(CNN) — A federal judge in Utah has struck down the state’s ban on same-sex marriage, saying the law “conflicts with the United States Constitution’s guarantees of equal protection and due process under the law.”
In striking down the state law, which voters approved in 2004, the judge ruled that the state’s “current laws deny its gay and lesbian citizens their fundamental right to marry and, in so doing, demean the dignity of these same-sex couples for no rational reason.
“Accordingly, the court finds that these laws are unconstitutional,” U.S. District Court Judge Robert J. Shelby wrote in a 53-page ruling.
The lawsuit was brought by one gay and two lesbian couples in Utah who wish to marry but have been unable to do so because the Utah Constitution prohibits same-sex marriage.
The decision was greeted with joy from a spokesman for GLAAD, formerly the Gay & Lesbian Alliance Against Defamation. “At last, loving and committed couples in Utah will have the opportunity to celebrate marriage equality this holiday season,” said Wilson Cruz in a posting on its website.

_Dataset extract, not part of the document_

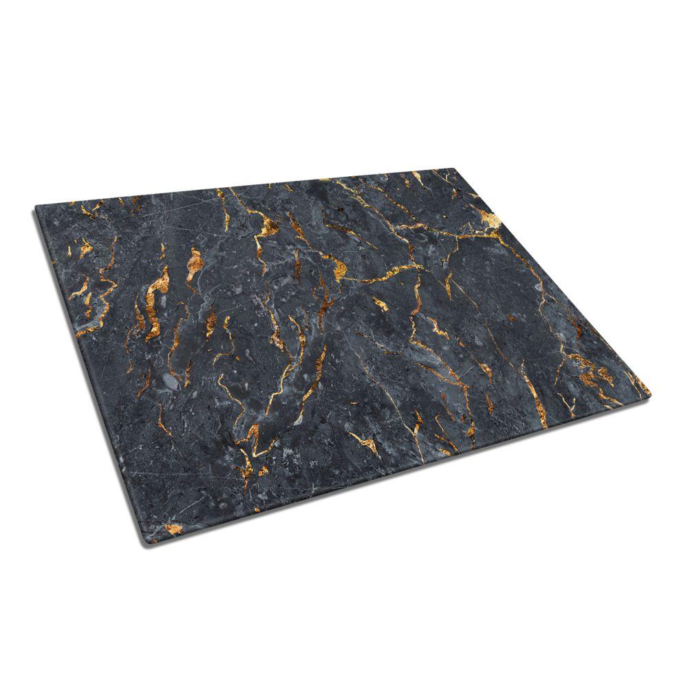 BELLART - Effet Marbre Noir et Or - Planche à découper en verre à impression UV 35x25 cm
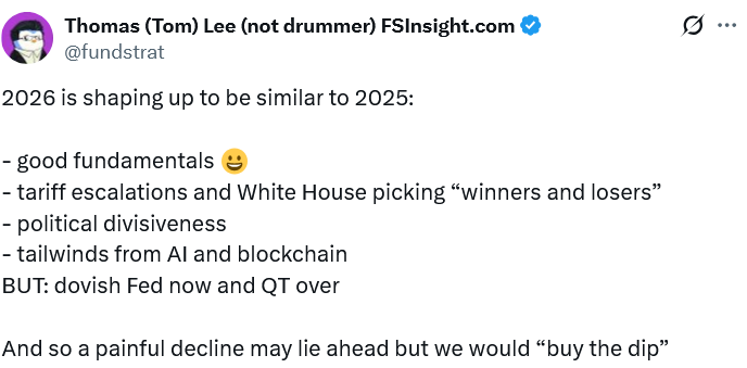 Fundstrat研究主管Tom Lee警告投资者,在地缘政治紧张局势下,2026年加密货币与股票市场可能经历一场“痛苦的下跌”,随后在年底迎来复苏。在周二接受Wilfred Frost主持的《Master Investor Podcast》采访时,Lee表示2026年将延续2025年的趋势,区块链与人工智能行业仍将获得顺风助力,但关税和政治分歧带来的风险将令市场在初期难以持续上涨。

“We are seeing state leaders and more and more citizens recognize that loving and committed couples should not be legally kept apart,” said Cruz. “We look forward to seeing that momentum to continue in 2014.”
A spokesman for the Church of Jesus Christ of Latter-day Saints said in a statement that it supports “traditional marriage,” while teaching that everyone should be treated with respect. “This ruling by a district court will work its way through the judicial process,” Eric Hawkins said.
“We continue to believe that voters in Utah did the right thing by providing clear direction in the state Constitution that marriage should be between a man and a woman and we are hopeful that this view will be validated by a higher court.”
That view was not shared by Clifford Rosky, chairman of the board of Equality Utah. “We think it is a thoughtful and careful ruling that is based on the Supreme Court decision last summer and we expect that it will be upheld ultimately by the United States Supreme Court,” he said.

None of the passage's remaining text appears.